D. N. Sheppard, M. R. Carson, L. S. Ostedgaard, G. M. Denning and M. J. Welsh
Howard Hughes Medical Institute, Department of Internal Medicine, University of Iowa College of Medicine, Iowa City 52242.

Cystic fibrosis transmembrane conductance regulator (CFTR) is a Cl- channel regulated by adenosine 3',5'-cyclic monophosphate (cAMP)-dependent phosphorylation and by intracellular nucleotides. The function of CFTR, like other recombinant ion channels, has generally been studied in single cells using voltage-clamp techniques. However, because CFTR is normally located in the apical membrane of epithelia we wanted to develop a system to study the function of recombinant CFTR expressed in an epithelium. We chose Fischer rat thyroid (FRT) epithelia for two reasons. First, when grown on permeable filter supports, FRT cells form polarized epithelia with a high transepithelial resistance.

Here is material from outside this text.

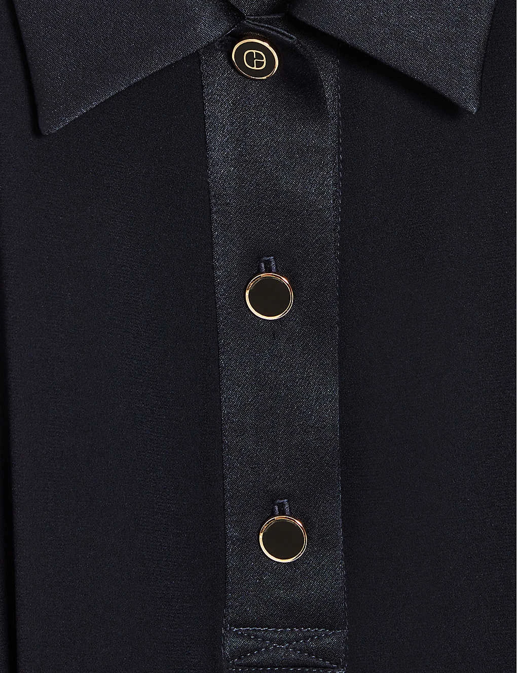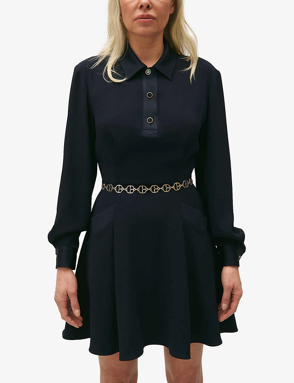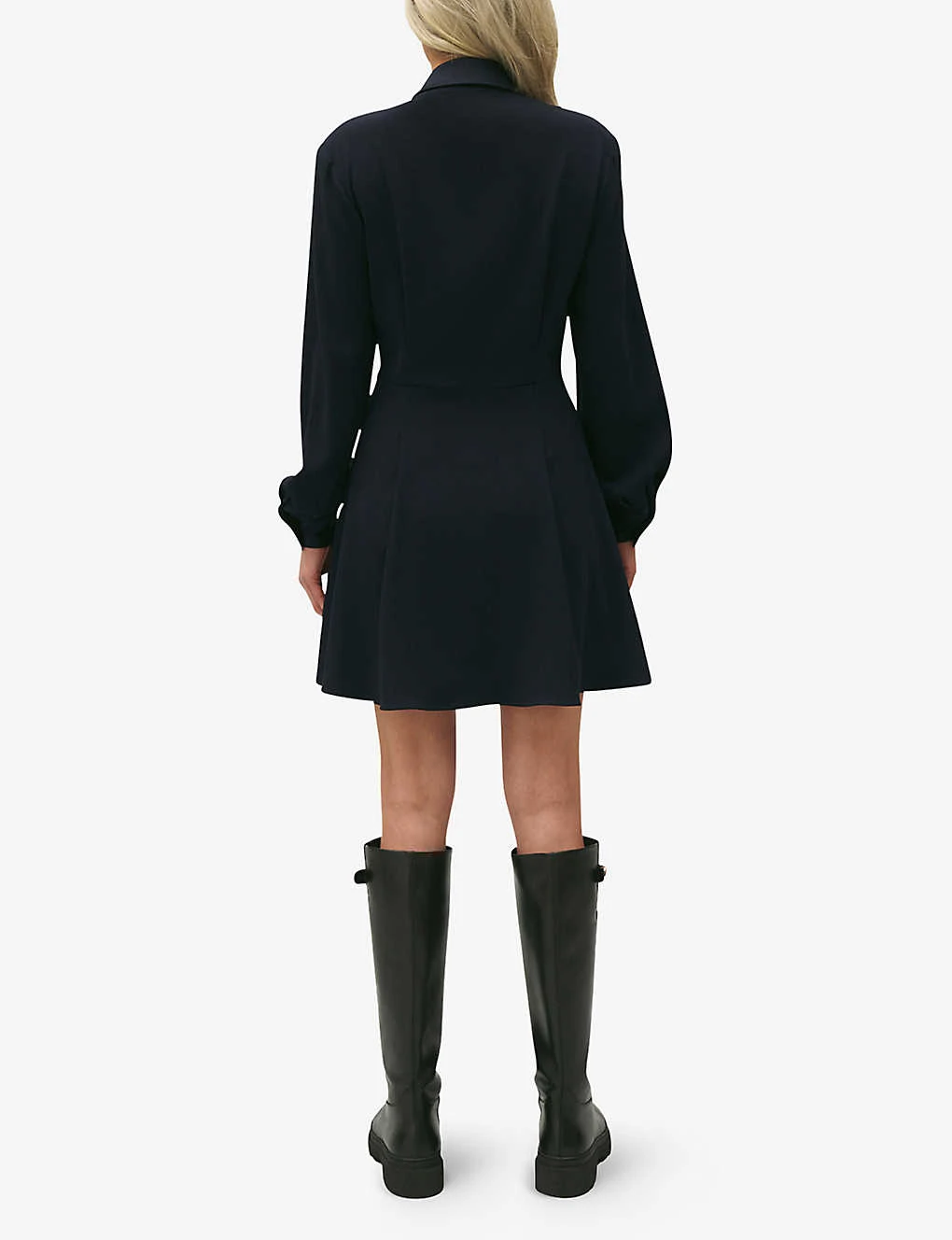 - Fit-and-flare, collar, exposed button placket at front, long sleeves, buttoned cuffs, fitted waistband, flared skirt, satin trim, welt pockets at front, straight hem, partially lined

Second, they have no endogenous cAMP-regulated Cl- channels in their apical membrane. We expressed CFTR in FRT epithelia either transiently, using recombinant vaccinia virus, or stably, using a retrovirus. To measure apical membrane Cl- currents, we permeabilized the basolateral membrane to monovalent ions with nystatin and imposed a large transepithelial Cl- concentration gradient. cAMP agonists stimulated apical membrane Cl- currents in FRT epithelia infected with wild-type CFTR (vTF-CFTR) but not in FRT epithelia infected with either control virus (vTF7-3) or CFTR containing the delta F508 mutation (vTF-delta F508). These Cl- currents had properties similar to those of cAMP-activated Cl- currents in cells expressing endogenous or recombinant CFTR.(ABSTRACT TRUNCATED AT 250 WORDS)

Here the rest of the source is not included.